[FFmpeg-devel] [RFC] Switching ffmpeg.c to a threaded architecture

Anton Khirnov anton at khirnov.net
Wed Apr 6 11:41:53 EEST 2022


Quoting Soft Works (2022-04-05 23:05:57)
> do I understand it right that there won't be a single-thread
> operation mode that replicates/corresponds the current behavior?

Correct, maintaining a single-threaded mode would require massive
amounts of extra effort for questionable gain.

> 
> Not that I wouldn't welcome the performance improvements, but one
> concern I have is debugging filtergraph operations. This is already 
> a pretty tedious task in itself, because many relevant decisions 
> are made in sub-sub-sub-sub-sub-functions, spread over many places.
> When adding an additional - not even deterministic - part to the 
> game, it won't make things easier.
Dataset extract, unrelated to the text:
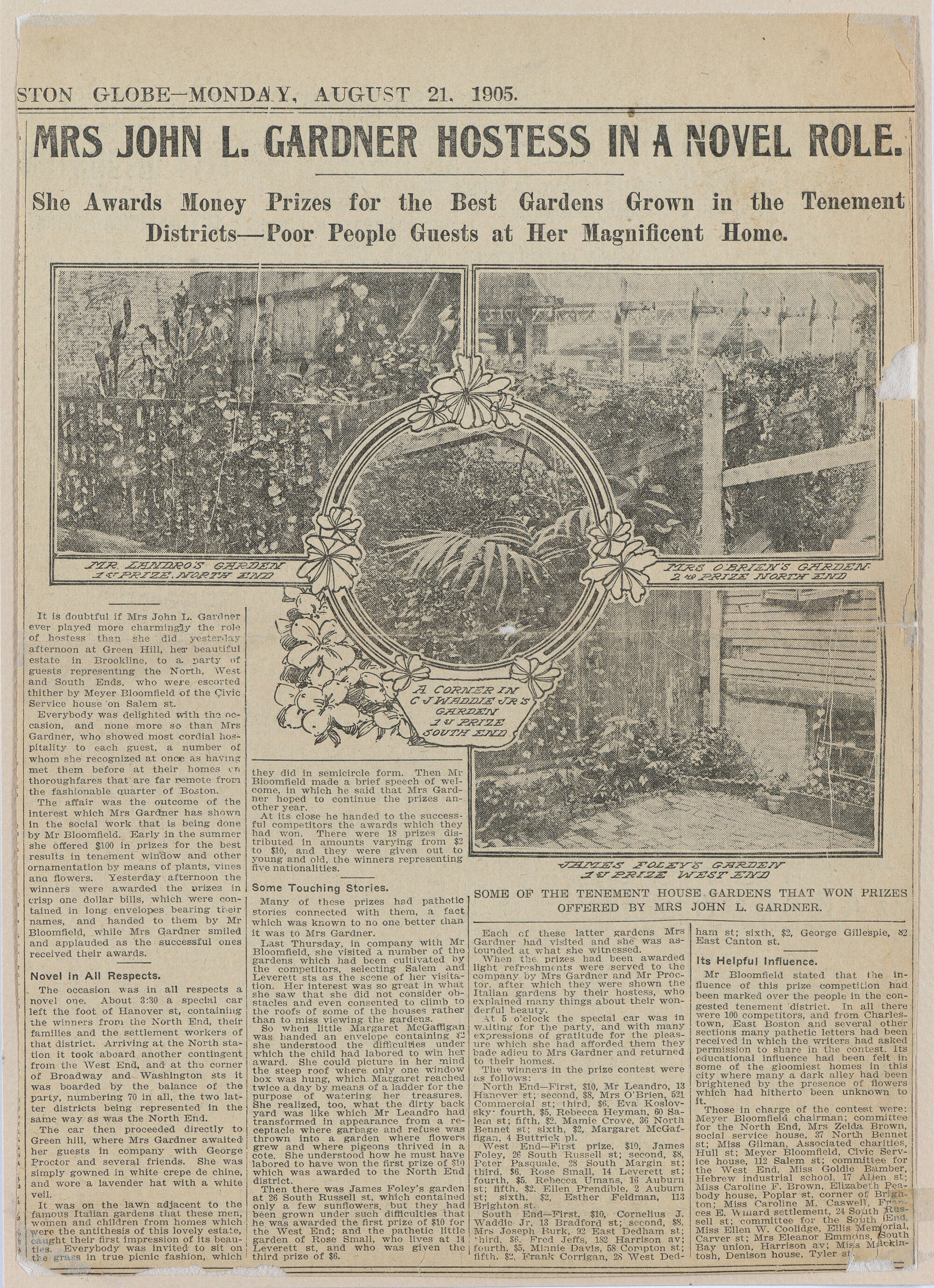 Inspired by the City Beautiful movement to beautify urban areas during the turn of the 20th century, the city of Boston created competions for city residents to create the most impressive window boxes and gardens in their neighborhoods. This 1905 Boston Globe article highlights Isabella’s role of sponsoring the prizes and hosting the winners at her own extensive gardens at her home in Brookline, Massachusetts called Green Hill.

It could even create situations
> where it could no longer be possible to replicate an error in a 
> debugger - in case the existence of a debugger would cause a variance
> within the constraints of the non-determinism range. 
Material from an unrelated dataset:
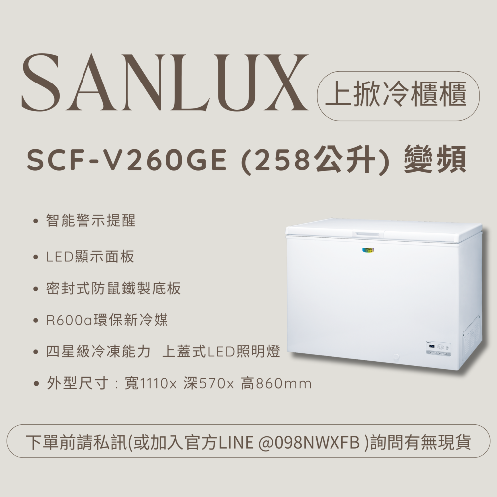 台灣三洋上掀式冷凍櫃 SCF-V260GE 【258公升】【刷卡分期免手續費】貨到付更優惠

I don't think debugging filtegraph internals will get significantly
harders, it might even become slightly easier because you will have a
thread entirely dedicated to filtering, with nothing else going on in
it.

> 
> From another point of view, this is a change, so fundamental like
> ffmpeg(.c) hasn't seen in a long time.
> I would at least suppose that this could cause issues at many ends,
> and from experience, there may be additional ends where it's rather
> unexpected to  have effects.
> 
> In that context, I think that doing a change of such a wide scope
> in an irreversible way like this, would impose quite a burden on
> many other developers, because sooner or later, other developers
> will run into situations where something is no longer working like 
> before and you'll regularly wonder whether this might be a consequence
> of ffmpeg.c threading change or caused by other changes.
> But then, you won't be able anymore to bisect on that suspicion,
> because the threading change can't be reverted and (as long as it's
> not shortly after the change) there might have been too many other 
> changes to easily port them back to a state before the threading
> change.
> 
> I wonder whether this couldn't be done in a way that the current
> behavior can be preserved and activated by option?
> 
> Wouldn't it be possible to follow an approach like this:
> 
> - Assuming the code would be fine and it would mark the desired 
>   end result
> - Put it aside and start over from the current HEAD
> - Iteratively morph the code current code in a (possibly) long
>   sequence of refactoring operations where every single one
>   (and hence in sum) are semantically neutral - until the code
>   is turned more and more into what has already been developed
> - eventually, only few differences will be left, and these can 
>   be made switchable by an option - as a result, both - old and
>   new operation modes would be available.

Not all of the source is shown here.